▶ DATA SEGMENT
□ □ □ □ □ □ □
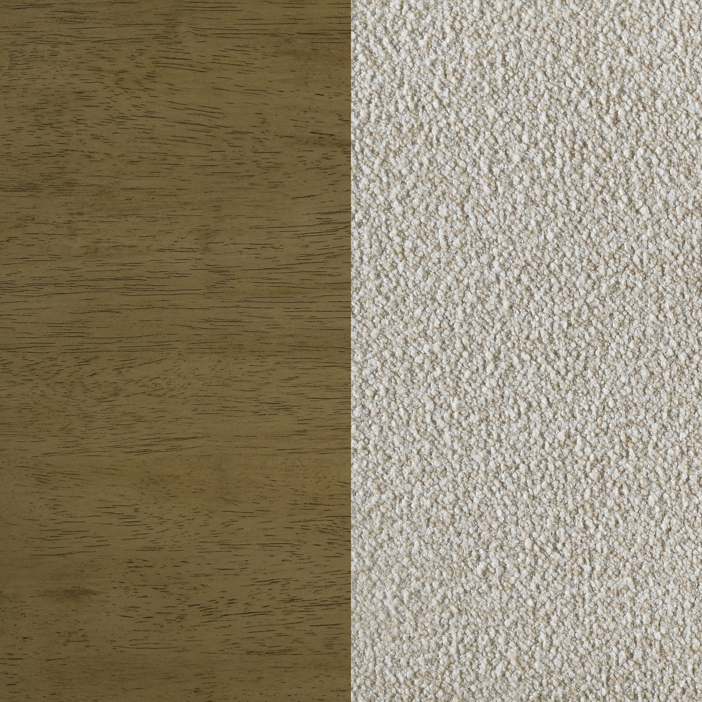 • Vertical channeled beige boucle upholstered headboard adds texture
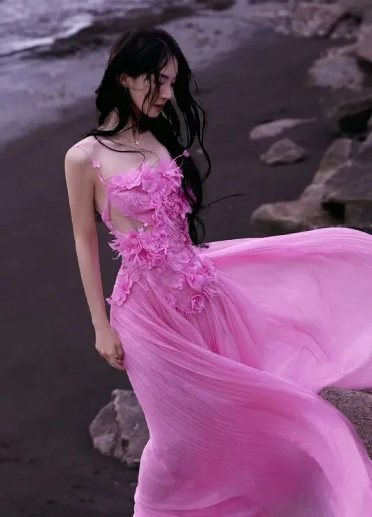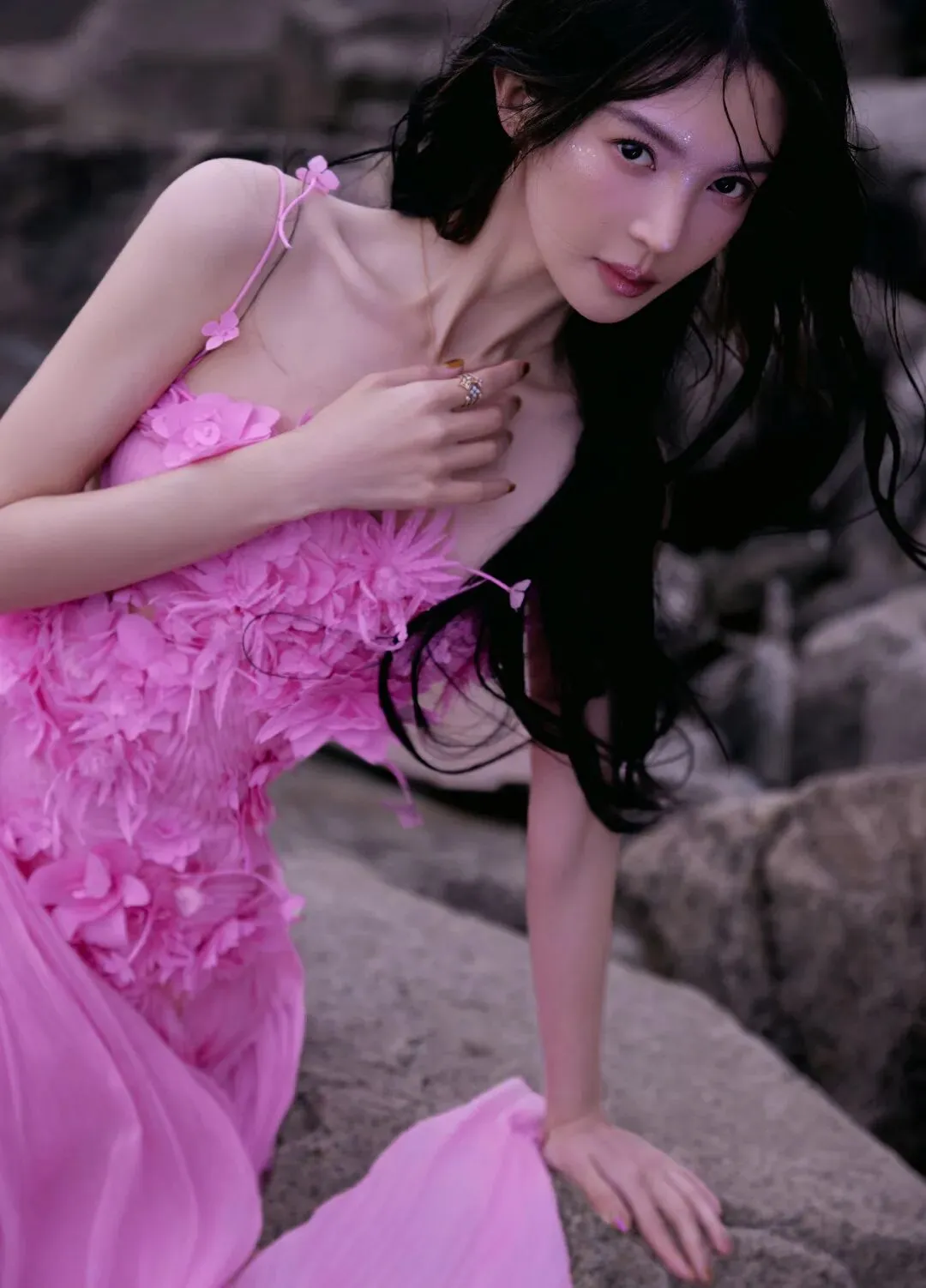 粉色娇嫩裙,从颜色、材质到版型都极其显廉价,是直接从酒店扯下一块破皱的薄纱窗帘再绣上几朵花就给人穿上了么?幸好是金晨穿,换个人更灾难。😨
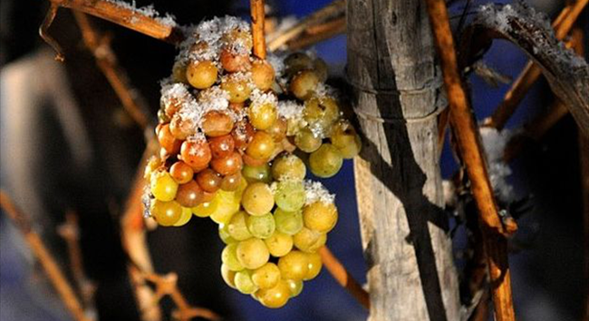 為了釀制冰酒,酒莊需要做足準(zhǔn)備。在秋季葡萄成熟的時(shí)候,要用保護(hù)網(wǎng)罩住葡萄藤,以保護(hù)葡萄果實(shí)不被鳥(niǎo)類(lèi)吞食。葡萄會(huì)一直留在葡萄藤上,直至室外溫度達(dá)到要求后才能采收。在這段時(shí)間里,葡萄脫水,汁液濃縮,賦予了冰酒特有的復(fù)雜性。
□ □ □ □ □ □ □
▶ AIM OF THE EXERCISE
Give back each line above exactly, with pictures dropped.

▶ REPLY
 • Vertical channeled beige boucle upholstered headboard adds texture
 粉色娇嫩裙,从颜色、材质到版型都极其显廉价,是直接从酒店扯下一块破皱的薄纱窗帘再绣上几朵花就给人穿上了么?幸好是金晨穿,换个人更灾难。😨
 為了釀制冰酒,酒莊需要做足準(zhǔn)備。在秋季葡萄成熟的時(shí)候,要用保護(hù)網(wǎng)罩住葡萄藤,以保護(hù)葡萄果實(shí)不被鳥(niǎo)類(lèi)吞食。葡萄會(huì)一直留在葡萄藤上,直至室外溫度達(dá)到要求后才能采收。在這段時(shí)間里,葡萄脫水,汁液濃縮,賦予了冰酒特有的復(fù)雜性。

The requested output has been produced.